A separate firm, the Exchange Accommodation Titleholder (EAT), buys and holds the replacement property until your sale closes. It charges a fee ($2,000-$10,000 depending on complexity), and the structure adds documentation and title insurance costs. All in, the extra usually runs about $8,000-$15,000.

What's the timeline for a reverse exchange?

The window is 180 days from the day the exchange begins, usually when you identify or acquire the replacement property. Both the replacement acquisition and the sale of your relinquished property must close inside those 180 days.

What if I can't sell within 180 days?

If the sale has not closed by Day 180, the exchange fails. The EAT transfers the replacement property to you and you owe tax on the deferred gain. It is a real risk, which is why a realistic plan to sell inside the window matters.

Could David and Linda have done a straight exchange instead?

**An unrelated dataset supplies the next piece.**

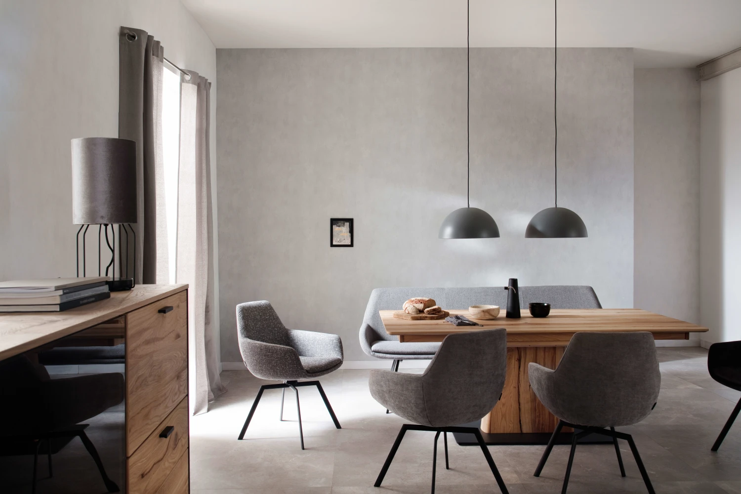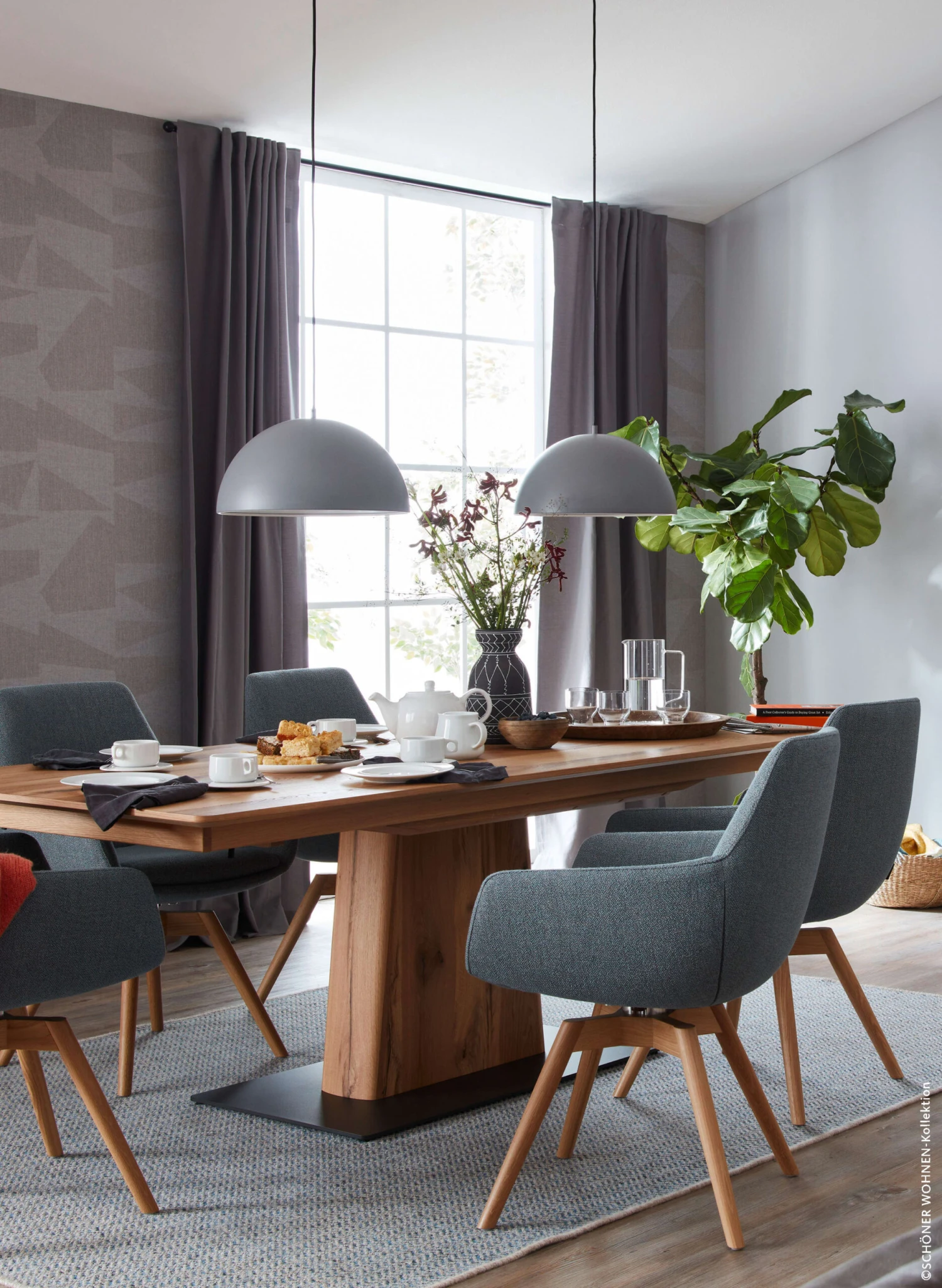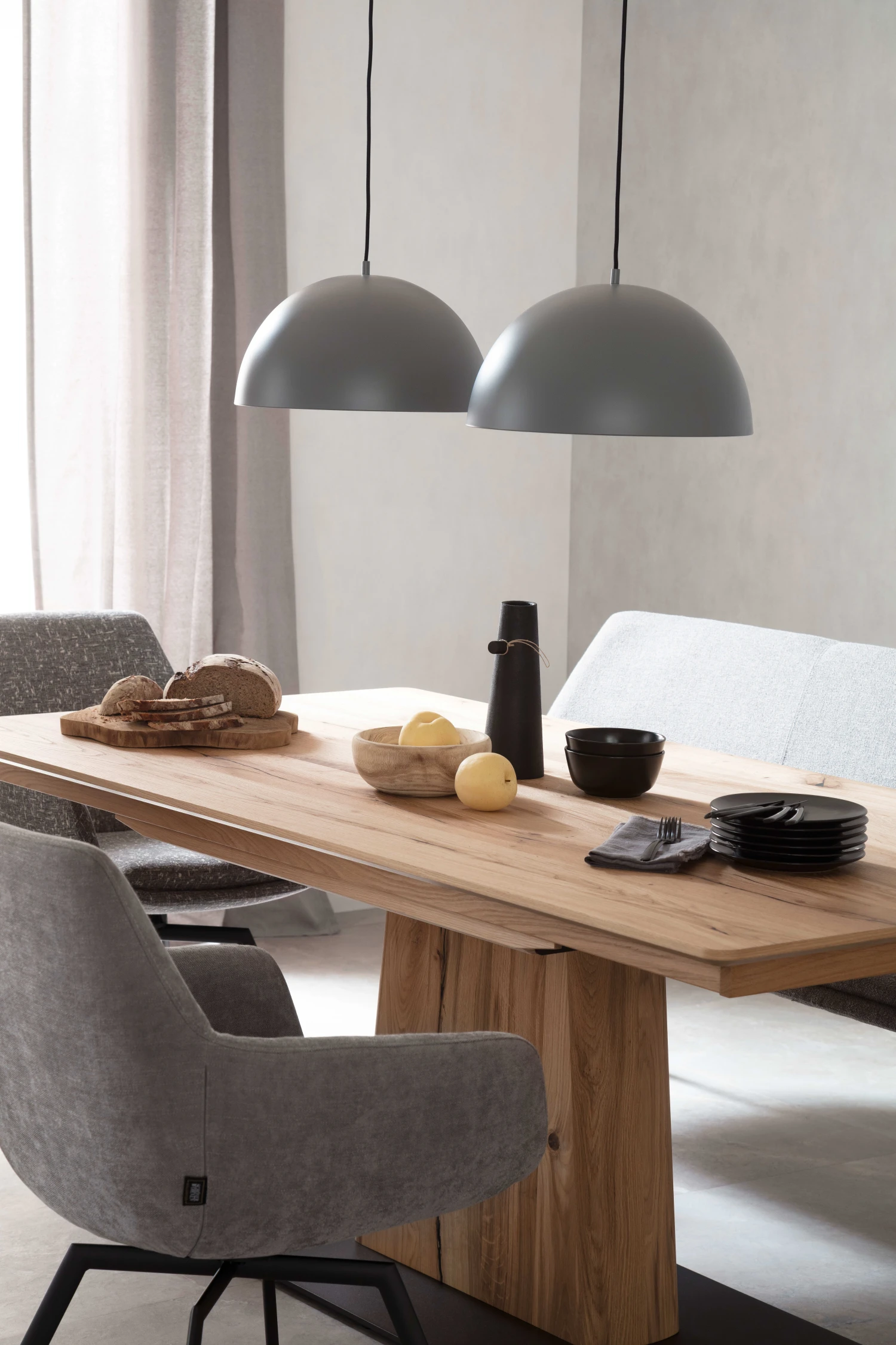 Skandinavische Zurückhaltung: Die Leuchten der Serie KIA aus der SCHÖNER WOHNEN-Kollektion sind schlichte Schönheiten, die mühelos miteinander und untereinander kombinierbar sind und mit nordischer Gelassenheit Gemütlichkeit in Räume zaubern. Als Tisch-, Pendel- und Wandleuchten in den Non-Colours Weiß, Grau und Schwarz fühlen sich die Nordlichter in jeder Umgebung wohl. Die graue Pendelleuchte mit einem Durchmesser von 40 cm ist auf das Wesentliche reduziert. Durch die weiße Innenbeschichtung der Leuchte ist eine helle Ausleuchtung gegeben. Das 250 cm lange schwarze Textilkabel sorgt dafür, dass sich die Pendelleuchte auch in Altbauten wohlfühlt und in der richtigen Höhe über dem Tisch platziert werden kann. Bei langen Tafeln ehellen gern zwei Pendelleuchten im Duett Szenerie und Gemüter.
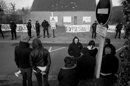FRANCE. Calais. 2014. Coulogne, two miles south of Calais. Police outside an abandoned house, now a squat where migrants are likely to be housed. Front Nationale and anti-migrant groups try to force the squat to close.

Not without losing the apartment building. A straight exchange starts the 45-day identification clock only after you close the sale of your current property, so with nothing sold yet, the clock never starts. The reverse exchange is what let them buy first.

What would have happened if David and Linda missed the 180-day deadline?

They would have needed to extend the arrangement, if the EAT firm allowed it, or close out the reverse exchange. The replacement property would have transferred to them personally, triggering tax on the full deferred gain. This is why a realistic selling timeline was critical.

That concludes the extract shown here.